• [AIM OF THE EXERCISE]
Ignoring every picture, transcribe the data in full as it stands.

• [RECORDED DATA]
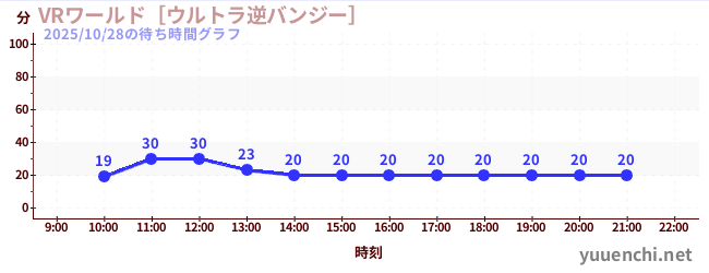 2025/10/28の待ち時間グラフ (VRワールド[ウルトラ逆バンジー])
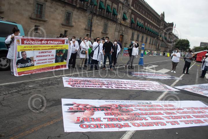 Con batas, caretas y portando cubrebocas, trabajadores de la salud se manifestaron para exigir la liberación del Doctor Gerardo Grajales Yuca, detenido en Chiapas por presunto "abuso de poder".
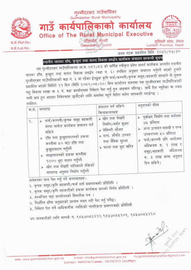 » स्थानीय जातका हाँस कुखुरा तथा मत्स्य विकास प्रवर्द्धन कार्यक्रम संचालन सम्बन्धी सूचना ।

• [TASK RESPONSE]
 2025/10/28の待ち時間グラフ (VRワールド[ウルトラ逆バンジー])
 Con batas, caretas y portando cubrebocas, trabajadores de la salud se manifestaron para exigir la liberación del Doctor Gerardo Grajales Yuca, detenido en Chiapas por presunto "abuso de poder".
 » स्थानीय जातका हाँस कुखुरा तथा मत्स्य विकास प्रवर्द्धन कार्यक्रम संचालन सम्बन्धी सूचना ।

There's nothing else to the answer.